# INSTRUCTIONS FOR THE TASK
Exactly the lines below from the line with "Верните в сковороду" through the line with "FUNDAȘI: Andrei Rațiu" must make up the answer, both ends included and pictures left out.

# DATA LISTING
---+---

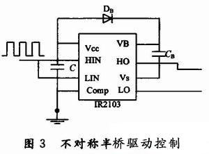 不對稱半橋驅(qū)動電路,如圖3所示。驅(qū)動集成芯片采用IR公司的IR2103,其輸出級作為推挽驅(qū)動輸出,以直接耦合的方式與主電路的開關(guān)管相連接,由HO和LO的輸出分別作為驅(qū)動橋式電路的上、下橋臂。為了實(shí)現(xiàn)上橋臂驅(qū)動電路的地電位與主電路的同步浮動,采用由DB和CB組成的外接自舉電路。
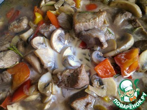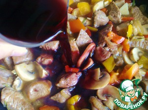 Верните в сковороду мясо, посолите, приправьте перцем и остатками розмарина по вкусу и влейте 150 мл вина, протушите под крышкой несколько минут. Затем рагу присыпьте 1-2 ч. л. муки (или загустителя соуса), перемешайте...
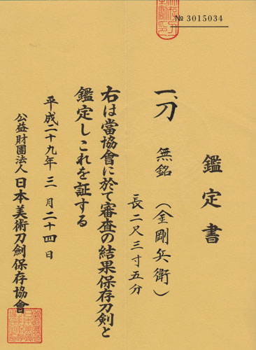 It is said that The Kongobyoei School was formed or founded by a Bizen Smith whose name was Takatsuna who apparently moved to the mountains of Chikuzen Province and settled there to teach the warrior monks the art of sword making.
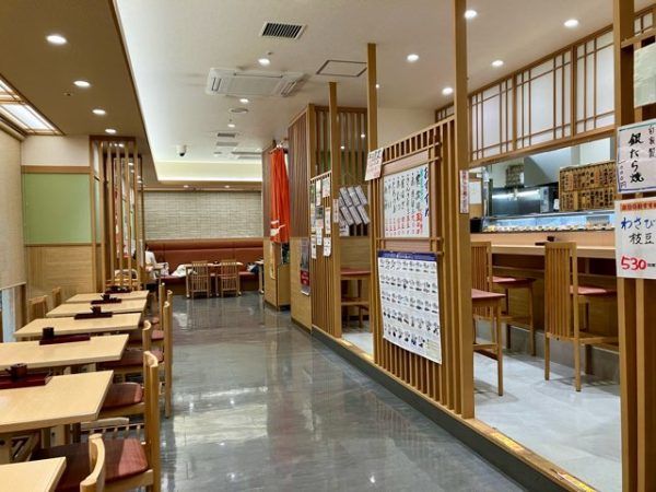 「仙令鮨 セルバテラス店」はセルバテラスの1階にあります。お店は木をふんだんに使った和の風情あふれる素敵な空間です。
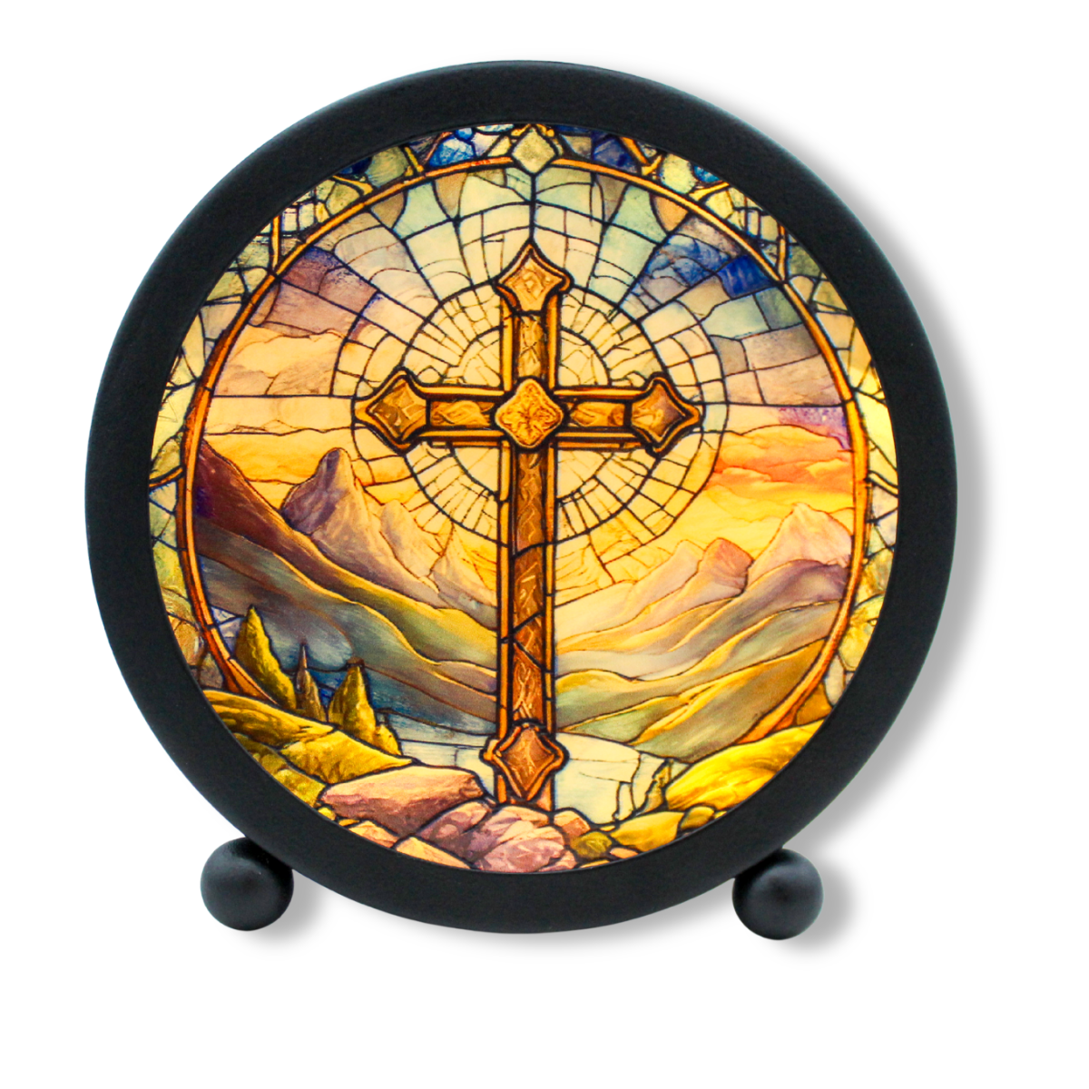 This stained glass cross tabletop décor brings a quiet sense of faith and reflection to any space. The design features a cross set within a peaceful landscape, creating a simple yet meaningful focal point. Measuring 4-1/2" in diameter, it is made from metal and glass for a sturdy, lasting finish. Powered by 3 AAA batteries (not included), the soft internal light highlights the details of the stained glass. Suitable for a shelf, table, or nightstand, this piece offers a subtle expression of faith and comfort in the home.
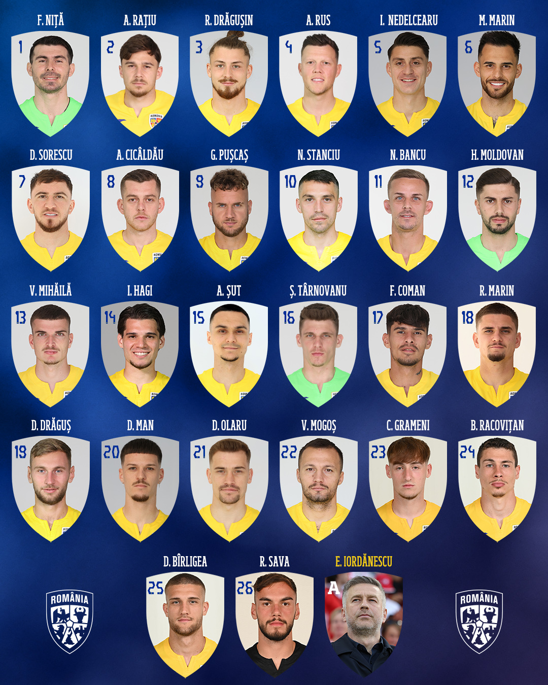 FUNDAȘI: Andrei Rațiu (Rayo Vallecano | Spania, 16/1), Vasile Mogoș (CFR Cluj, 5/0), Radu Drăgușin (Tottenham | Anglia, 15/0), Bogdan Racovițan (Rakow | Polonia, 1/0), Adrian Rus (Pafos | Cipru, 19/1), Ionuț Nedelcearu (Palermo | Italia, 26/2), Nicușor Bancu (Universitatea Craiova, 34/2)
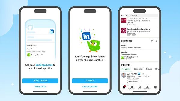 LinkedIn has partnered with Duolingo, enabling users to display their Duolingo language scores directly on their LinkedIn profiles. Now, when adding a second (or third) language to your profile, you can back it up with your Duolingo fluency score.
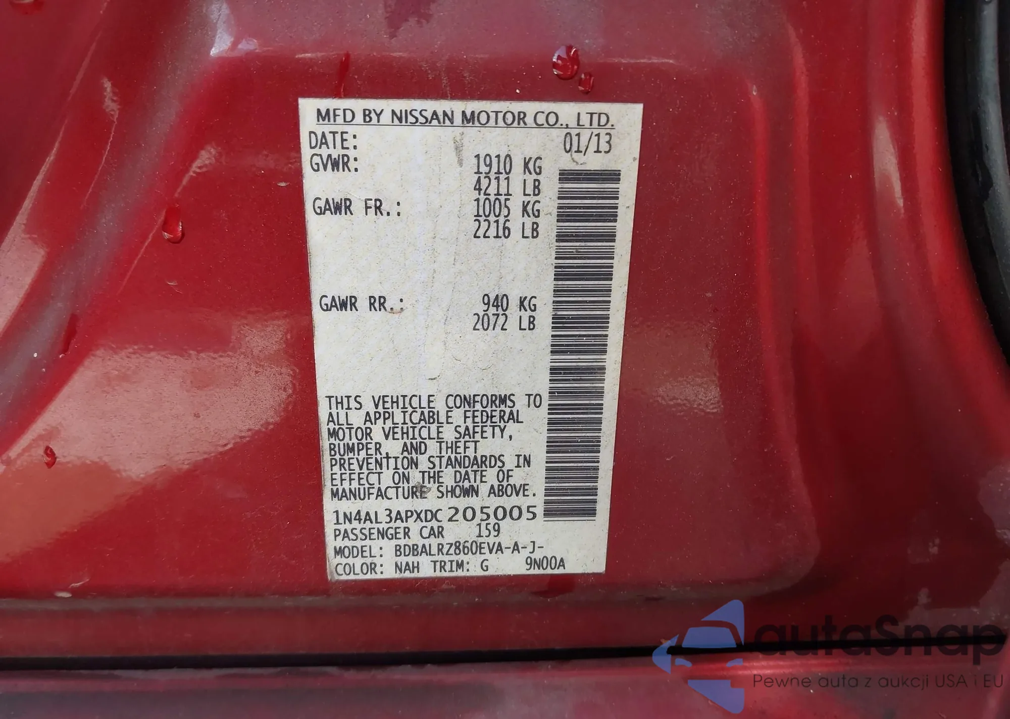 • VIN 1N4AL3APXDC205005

---+---

# EXERCISE ANSWER
 Верните в сковороду мясо, посолите, приправьте перцем и остатками розмарина по вкусу и влейте 150 мл вина, протушите под крышкой несколько минут. Затем рагу присыпьте 1-2 ч. л. муки (или загустителя соуса), перемешайте...
 It is said that The Kongobyoei School was formed or founded by a Bizen Smith whose name was Takatsuna who apparently moved to the mountains of Chikuzen Province and settled there to teach the warrior monks the art of sword making.
 「仙令鮨 セルバテラス店」はセルバテラスの1階にあります。お店は木をふんだんに使った和の風情あふれる素敵な空間です。
 This stained glass cross tabletop décor brings a quiet sense of faith and reflection to any space. The design features a cross set within a peaceful landscape, creating a simple yet meaningful focal point. Measuring 4-1/2" in diameter, it is made from metal and glass for a sturdy, lasting finish. Powered by 3 AAA batteries (not included), the soft internal light highlights the details of the stained glass. Suitable for a shelf, table, or nightstand, this piece offers a subtle expression of faith and comfort in the home.
 FUNDAȘI: Andrei Rațiu (Rayo Vallecano | Spania, 16/1), Vasile Mogoș (CFR Cluj, 5/0), Radu Drăgușin (Tottenham | Anglia, 15/0), Bogdan Racovițan (Rakow | Polonia, 1/0), Adrian Rus (Pafos | Cipru, 19/1), Ionuț Nedelcearu (Palermo | Italia, 26/2), Nicușor Bancu (Universitatea Craiova, 34/2)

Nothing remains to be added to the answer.